Closed hempelc closed 2 weeks ago
Hi!
Thanks for reporting this problem.
It's good that you have included the example files, but you could please also provide the exact command you used?
The sintax algorithm has a random element to it and the confidence values you see may vary slightly from one run to another unless you set a specific random seed with the --randseed
option and use only a single thread with the --threads 1
option. Could this be the reason for the variation you see?
Hello Torbjørn,
Thanks for getting back to me so quickly!
It was indeed the --randseed
option that made the difference!
Here is the command I originally ran:
vsearch --sintax example_sequence.fasta --db reference_with_domain.fasta --tabbedout withDomain.tsv
But when I added --randseed
as so:
vsearch --sintax example_sequence.fasta --db reference_with_domain.fasta --tabbedout withDomain.tsv --randseed 1
, the results were identical between the references with and without domain (running both with the --randseed 1
option).
I checked the vsearch --help
documentation but the --randseed
option is only listed under "Subsampling" and "Shuffling and sorting", not under "Taxonomic classification". I was not aware that the sintax algorithm involves this option; it might be helpful for sintax users if you added that option under "Taxonomic classification" as well.

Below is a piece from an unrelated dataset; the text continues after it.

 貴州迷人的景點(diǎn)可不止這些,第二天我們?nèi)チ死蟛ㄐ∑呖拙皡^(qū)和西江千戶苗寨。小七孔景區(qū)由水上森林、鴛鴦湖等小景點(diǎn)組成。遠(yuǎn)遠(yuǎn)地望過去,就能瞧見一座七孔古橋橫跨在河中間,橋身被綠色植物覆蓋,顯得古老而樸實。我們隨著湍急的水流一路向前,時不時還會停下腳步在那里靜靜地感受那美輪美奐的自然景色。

Thanks a lot for this easy fix!
Best, Chris
Hello @hempelc thank you for your feedback. The help message (https://github.com/torognes/vsearch/commit/25ad4019e572f5b73f3ae08e442e8a3d09270a40) and the manpage have been updated:
This should be included in the next vsearch
release.
Hello,
I'm using vsearch sintax to assign sequences taxonomically. One of the reference databases I'm using does not contain the domain rank for references, just the phylum rank and upwards. I've been asked to manually add the domain rank, so I did, but I noticed that the confidence values of the sintax results have changed slightly for some sequences.
I have attached example files for reproducibility here. When I assign taxonomy to example_sequence.fasta using reference_no_domain.fasta, the result is:
p:Ascomycota(1.00),c:Eurotiomycetes(1.00),o:Eurotiales(1.00),f:Trichocomaceae(1.00),g:Talaromyces(0.69),s:Talaromyces_marneffei(0.69)

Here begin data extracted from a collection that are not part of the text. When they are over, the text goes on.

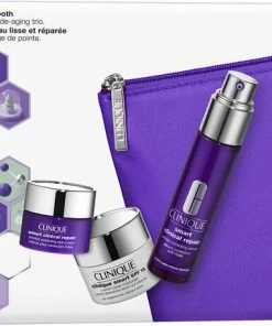 En innovativ anti-aging-trio, der giver huden et mere ungdommeligt udseende. En perfekt julegave, eller hvis du skal forkæles ekstra. <br><br>Indhold: <br><br>- Clinique Smart Clinical Repair Wrinkle Correcting Serum, 30 ml.<br><br>- Clinique Smart SPF 15 Custom-Repair Moisturizer for Dry Combination Skin, 15 ml.<br><br>- Clinique Smart Clinical Repair Wrinkle Correcting Eye Cream, 5 ml.<br><br>- Lilla toilettaske<br><br><br>Clinique Smart Clinical Repair: Er målrettet mod hele spektret af linjer og rynker og angriber fra tre separate vinkler. Genopbygger: Boost hudens naturlige kollagen med CL1870 Laser Focus Complex. Fornyer: Udglatter huden med potent retinoid. Giver fylde: Fugter fine rynker med hyaluronsyre. Huden bliver synligt forynget, glattere og smidigere at røre ved, og hudens glød og spændstighed genoprettes. <br><br><br>Clinique Smart SPF 15 Custom Repair: Anti-age, oliefri formel med Clinique Smart hydreringsteknologi hjælper huden med at tiltrække og bevare fugt.<br><br><br>Clinique Smart Clinical Repair Wrinkle Correcting Eye Cream: Huden omkring øjnene er sart og modtagelig for skader. Vores øjencreme bekæmper rynker og er udviklet til at styrke denne hud, så den bliver stærkere, synligt glattere og mere spændstig. Hjælper med synligt at udglatte linjer og rynker samt styrker huden fra flere vinkler: Booster hudens naturlige kollagen, støtter hudens naturlige struktur og styrker hudens fugtbarriere.
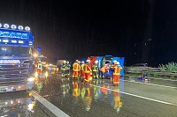 Die Freiwillige Feuerwehr Forst wurde am frühen Montagmorgen gegen 02:02 Uhr zu einem Lkw-Unfall auf die Bundesautobahn A5 in Fahrtrichtung Frankfurt alarmiert.
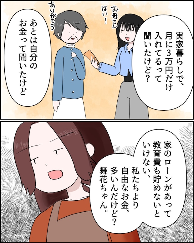 「実家暮らしで月に3万円だけ家に入れてるって聞いたけど?あとは自分のお金って聞いたから、家のローンがあって、教育費も貯めないといけない、私たちより自由なお金、多いんだけど?舞香ちゃん」と、実際舞香ちゃんは自由に使っているんだろうと思いながらそう言うと、
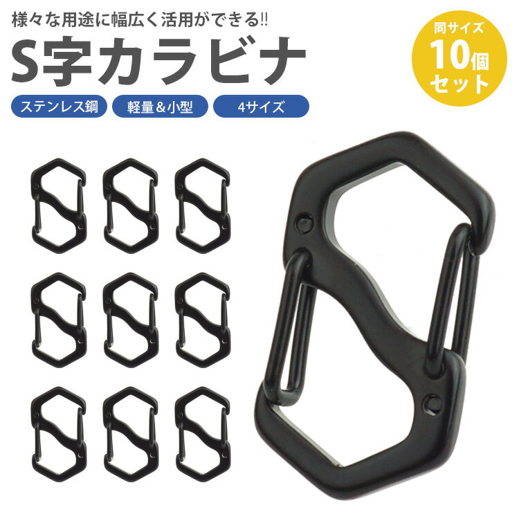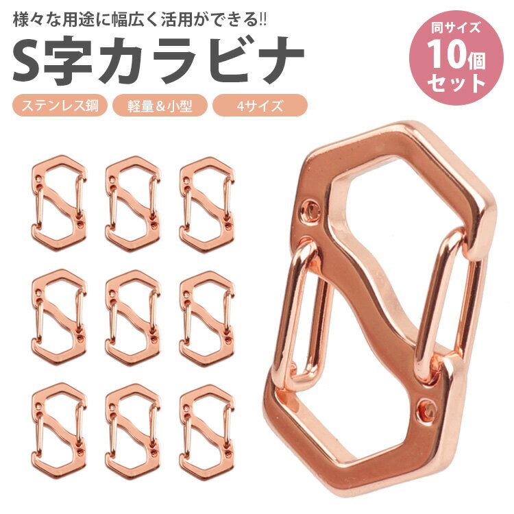 S字型 フックが2か所になっているので 取り付けや取り外しを別々に行うことができます。 軽量&小型 ステンレス鋼製の小型デザインで1個あたり約0.5g〜約1.8gと軽量 幅広い用途に アクセサリーの接続パーツとしても使える シンプルでおしゃれなデザイン。 同サイズ10個セットで様々なものに取り付けやすい! 商品詳細 サイズ:画像参照 重量:画像参照 材質:ステンレス鋼 個数:同サイズ10個 製造国:中国 ※機械による生産過程により、カラビナのゲート部分が硬く開閉しにくい場合がございます。 ゲート部分が硬い場合は、一度定規などの道具を押し当てて開いてからご使用ください。 ※若干のサイズや重量の誤差はご了承ください。 ※輸入品のため、製造・輸送中に小傷等がある場合があります。 ※ご閲覧の環境等により色味などが実際の商品と異なって見える場合があります。 ※仕様は改善の為に予告なく変更する場合があります。 ※この商品はメール便での配送となります。 ※宅配便での配送、代金引換、日付指定やあす楽の対応はできませんのでご了承ください。

However, when I use reference_with_domain.fasta, I get:
d:Eukaryota(1.00),p:Ascomycota(1.00),c:Eurotiomycetes(1.00),o:Eurotiales(1.00),f:Trichocomaceae(1.00),g:Talaromyces(0.70),s:Talaromyces_marneffei(0.70)
Note that the confidence value decreased by 0.01 for the genus and species level. I have observed some cases in which the decrease is even bigger. Note that all sequences in the references are from Eukaryota in this example.
I've tried to understand the algorithm via the usearch website and sintax paper but was unable to find anything that hinted at an explanation for this. Would you be able to explain to me how the addition of the domain rank impacts the confidence values? Thank you!